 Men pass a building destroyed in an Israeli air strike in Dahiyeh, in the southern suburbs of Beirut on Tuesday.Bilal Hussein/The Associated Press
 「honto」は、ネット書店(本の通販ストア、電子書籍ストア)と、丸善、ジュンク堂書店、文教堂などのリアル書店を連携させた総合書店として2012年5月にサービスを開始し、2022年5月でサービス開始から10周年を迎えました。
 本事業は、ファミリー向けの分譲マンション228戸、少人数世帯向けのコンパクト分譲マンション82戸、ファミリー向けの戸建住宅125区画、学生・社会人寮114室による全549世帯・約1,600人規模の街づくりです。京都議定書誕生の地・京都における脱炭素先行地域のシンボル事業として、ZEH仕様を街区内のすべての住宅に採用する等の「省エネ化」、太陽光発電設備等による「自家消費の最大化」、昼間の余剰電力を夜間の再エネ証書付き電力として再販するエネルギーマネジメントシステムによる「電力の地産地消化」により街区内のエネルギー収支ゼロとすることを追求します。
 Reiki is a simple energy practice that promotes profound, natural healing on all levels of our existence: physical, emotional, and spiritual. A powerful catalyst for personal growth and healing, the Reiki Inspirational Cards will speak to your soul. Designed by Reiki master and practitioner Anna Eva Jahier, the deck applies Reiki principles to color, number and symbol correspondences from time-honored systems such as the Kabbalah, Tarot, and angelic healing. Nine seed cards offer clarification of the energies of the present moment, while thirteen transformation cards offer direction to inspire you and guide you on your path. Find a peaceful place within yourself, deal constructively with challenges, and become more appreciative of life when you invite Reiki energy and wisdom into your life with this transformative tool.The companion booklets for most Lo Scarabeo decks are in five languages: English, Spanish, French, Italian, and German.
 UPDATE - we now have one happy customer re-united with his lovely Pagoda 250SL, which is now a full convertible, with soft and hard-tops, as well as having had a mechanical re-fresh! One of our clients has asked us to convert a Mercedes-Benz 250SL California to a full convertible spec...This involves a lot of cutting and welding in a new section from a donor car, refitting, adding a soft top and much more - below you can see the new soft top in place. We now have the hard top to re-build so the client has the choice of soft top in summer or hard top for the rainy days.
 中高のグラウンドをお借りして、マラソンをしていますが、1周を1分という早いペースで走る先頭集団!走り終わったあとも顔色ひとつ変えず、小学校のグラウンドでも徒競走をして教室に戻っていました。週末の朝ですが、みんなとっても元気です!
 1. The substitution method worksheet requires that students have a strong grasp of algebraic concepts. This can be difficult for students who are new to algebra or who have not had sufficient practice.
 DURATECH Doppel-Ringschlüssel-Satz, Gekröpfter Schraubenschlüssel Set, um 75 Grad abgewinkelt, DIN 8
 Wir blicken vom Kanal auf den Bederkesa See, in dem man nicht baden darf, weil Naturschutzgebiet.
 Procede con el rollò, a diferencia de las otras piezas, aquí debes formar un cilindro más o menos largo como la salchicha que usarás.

▬▬▬▬▬▬

I need every line of the material that includes "with", so please copy them out.

 Reiki is a simple energy practice that promotes profound, natural healing on all levels of our existence: physical, emotional, and spiritual. A powerful catalyst for personal growth and healing, the Reiki Inspirational Cards will speak to your soul. Designed by Reiki master and practitioner Anna Eva Jahier, the deck applies Reiki principles to color, number and symbol correspondences from time-honored systems such as the Kabbalah, Tarot, and angelic healing. Nine seed cards offer clarification of the energies of the present moment, while thirteen transformation cards offer direction to inspire you and guide you on your path. Find a peaceful place within yourself, deal constructively with challenges, and become more appreciative of life when you invite Reiki energy and wisdom into your life with this transformative tool.The companion booklets for most Lo Scarabeo decks are in five languages: English, Spanish, French, Italian, and German.
 UPDATE - we now have one happy customer re-united with his lovely Pagoda 250SL, which is now a full convertible, with soft and hard-tops, as well as having had a mechanical re-fresh! One of our clients has asked us to convert a Mercedes-Benz 250SL California to a full convertible spec...This involves a lot of cutting and welding in a new section from a donor car, refitting, adding a soft top and much more - below you can see the new soft top in place. We now have the hard top to re-build so the client has the choice of soft top in summer or hard top for the rainy days.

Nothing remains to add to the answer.